Zhou Jinfei, Zhu Yaping, Zhang Yana, Yang Cheng, Pan Hong
State Key Laboratory of Media Convergence and Communication, The Communication University of China, Beijing, 100024 China.
Data Science Research Institute, Swinburne University of Technology, Melbourne, 3122 Australia.
Neural Comput Appl. 2023;35(13):9481-9500. doi: 10.1007/s00521-022-08072-w. Epub 2023 Mar 16.

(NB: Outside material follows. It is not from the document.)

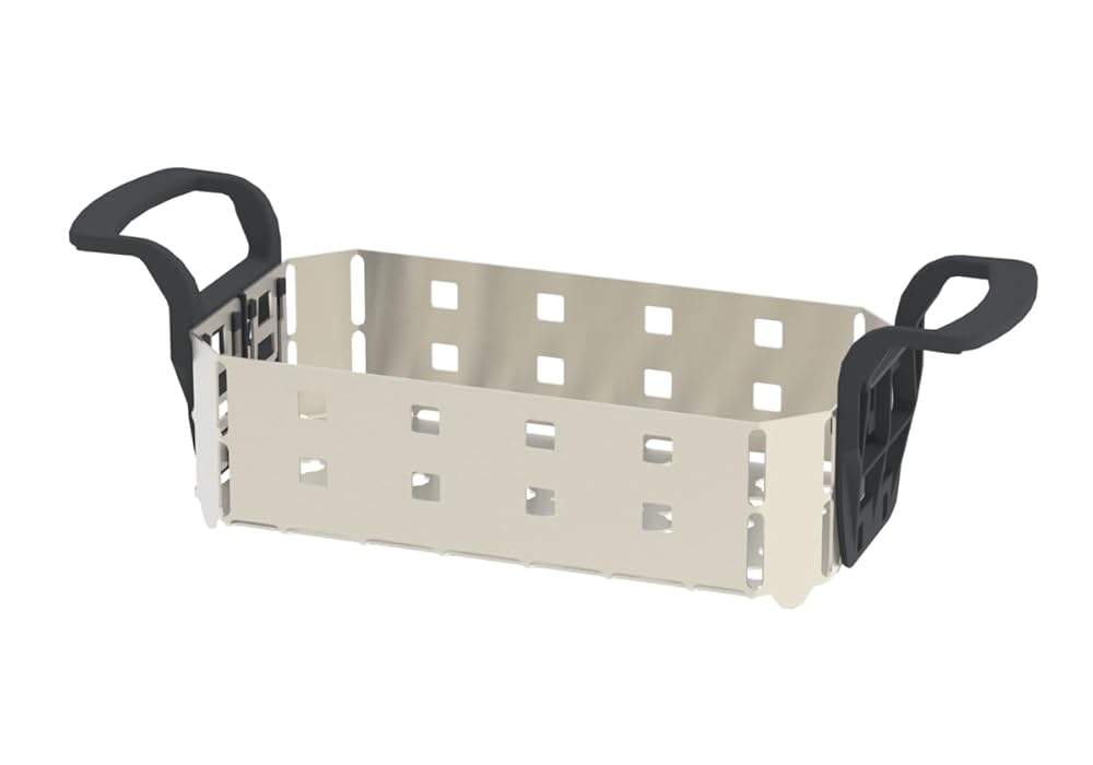 With their open mesh bottoms, these stainless steel baskets are designed to maximize the cleaning action reaching the parts while keeping them from contacting the bottom or sides of the ultrasonic cleaning tank. The baskets hang from the top rim of the tank so that parts being cleaned are fully immersed in the cleaning solution. It is not advisable to place parts to be cleaned directly on the bottom of the tank because they can abrade and damage the vibrating surface as well as the parts themselves. Heavy parts positioned on the tank bottom can suppress the ultrasonic action reducing cleaning effectiveness. Plastic insulation on the basket handles makes it easy to remove the basket from the tank while warm.

Automatically generating descriptions for disaster news images could effectively accelerate the spread of disaster message and lighten the burden of news editors from tedious news materials. Image caption algorithms are remarkable for generating captions directly from the content of the image. However, current image caption algorithms trained on existing image caption datasets fail to describe the disaster images with fundamental news elements. In this paper, we developed a large-scale disaster news image Chinese caption dataset (DNICC19k), which collected and annotated enormous news images related to disaster. Furthermore, we proposed a spatial-aware topic driven caption network (STCNet) to encode the interrelationships between these news objects and generate descriptive sentences related to news topics. STCNet firstly constructs a graph representation based on objects feature similarity. The graph reasoning module uses the spatial information to infer the weights of aggregated adjacent nodes according to a learnable Gaussian kernel function. Finally, the generation of news sentences are driven by the spatial-aware graph representations and the news topics distribution. Experimental results demonstrate that STCNet trained on DNICC19k could not only automatically creates descriptive sentences related to news topics for disaster news images, but also outperforms benchmark models such as Bottom-up, NIC, Show attend and AoANet on multiple evaluation metrics, achieving CIDEr/BLEU-4 scores of 60.26 and 17.01, respectively.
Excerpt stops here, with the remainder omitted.